> **REQUIRED WORK**: Repeat everything from the first line of the listing below through the line that contains "со скидкой 20%!", exactly. Leave out pictures.

> **PROVIDED MATERIAL**:
"""
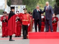 The Prime Minister, Edi Rama and his Hungarian counterpart, Viktor Orban, walking in front of the ministers of the Albanian cabinet, during an official reception ceremony near the Prime Minister's Office.
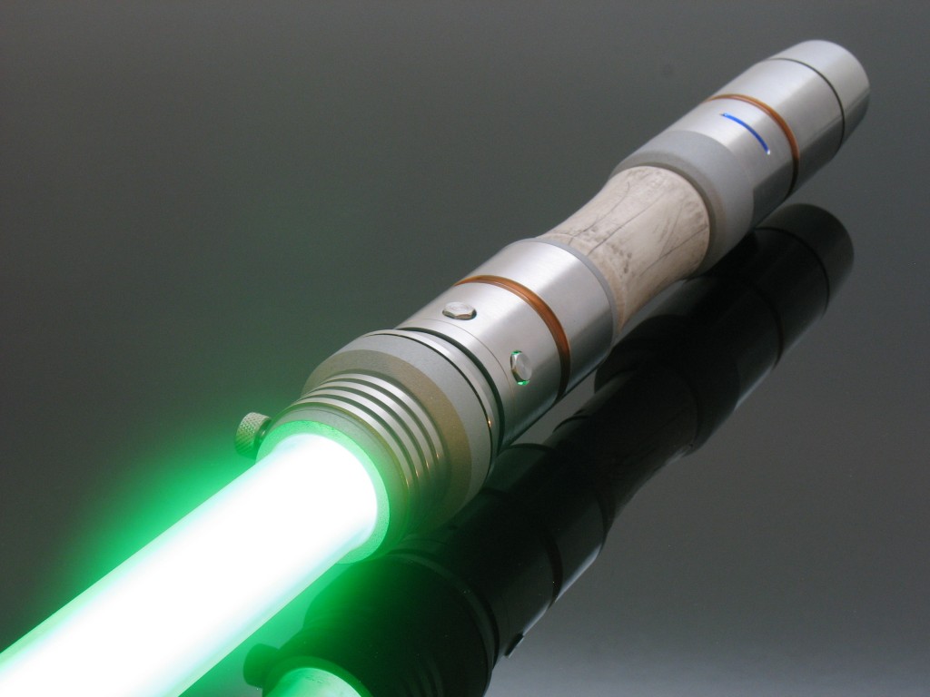 This is the latest evolution of my Krayt Bone ™ technique. It’s an elegant Jedi lightsaber of the Old Republic. I wanted it to appear Prequel era, but distinct from the movie sabers.
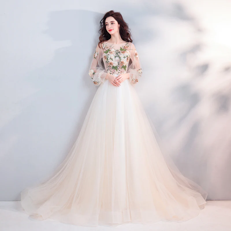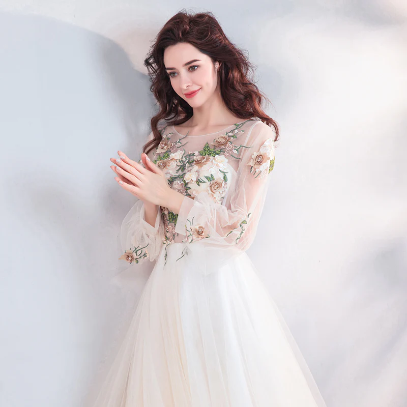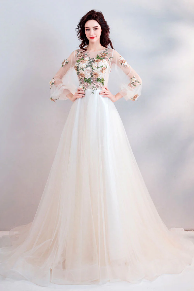 • Pretty A Line Long Sleeves Tulle Appliques Prom Dress With Flowers OKG69
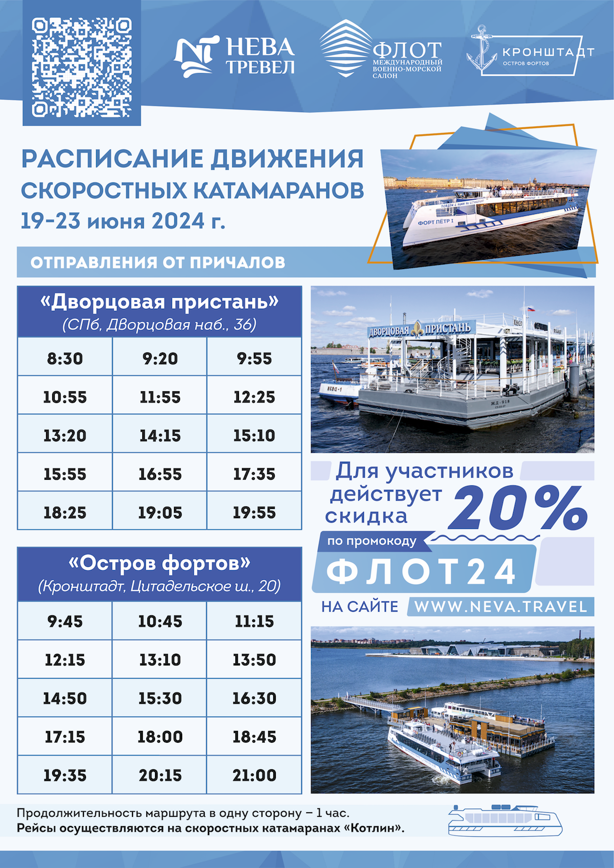 Группа компаний «Нева Тревел» предлагает Вам добраться до места проведения Международного военно-морского салона «ФЛОТ-2024» по живописному водному маршруту на комфортабельном катамаране со скидкой 20%!
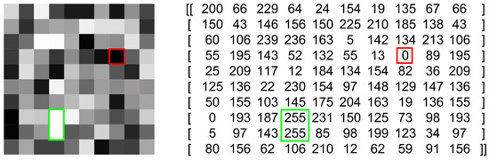 Quantization is the process by which the value of each pixel in the image is determined. First, a basic gray level, that is, the range of values that a pixel can have, is determined. Then, the value of the pixel in the digital image is calculated according to the value that comes from the continuous signal. If the gray level of an image is n bits, its gray level range has the value . For example, the range of values that pixels can take for a gray level of 3 bits is [0–7], while the range of values that pixels can take for a gray level of 8 bits is [0–255]. The values that one pixel has is called the intensity of a pixel [14]. A quantized image is shown in Figure 14, where the red square encompasses the value 0 (black color), while the white color is represented by the value 255 encompassed by a green rectangle. All other colors (gray values) are in the interval 0–255.
"""
> **WORKED SOLUTION**:
 The Prime Minister, Edi Rama and his Hungarian counterpart, Viktor Orban, walking in front of the ministers of the Albanian cabinet, during an official reception ceremony near the Prime Minister's Office.
 This is the latest evolution of my Krayt Bone ™ technique. It’s an elegant Jedi lightsaber of the Old Republic. I wanted it to appear Prequel era, but distinct from the movie sabers.
 • Pretty A Line Long Sleeves Tulle Appliques Prom Dress With Flowers OKG69
 Группа компаний «Нева Тревел» предлагает Вам добраться до места проведения Международного военно-морского салона «ФЛОТ-2024» по живописному водному маршруту на комфортабельном катамаране со скидкой 20%!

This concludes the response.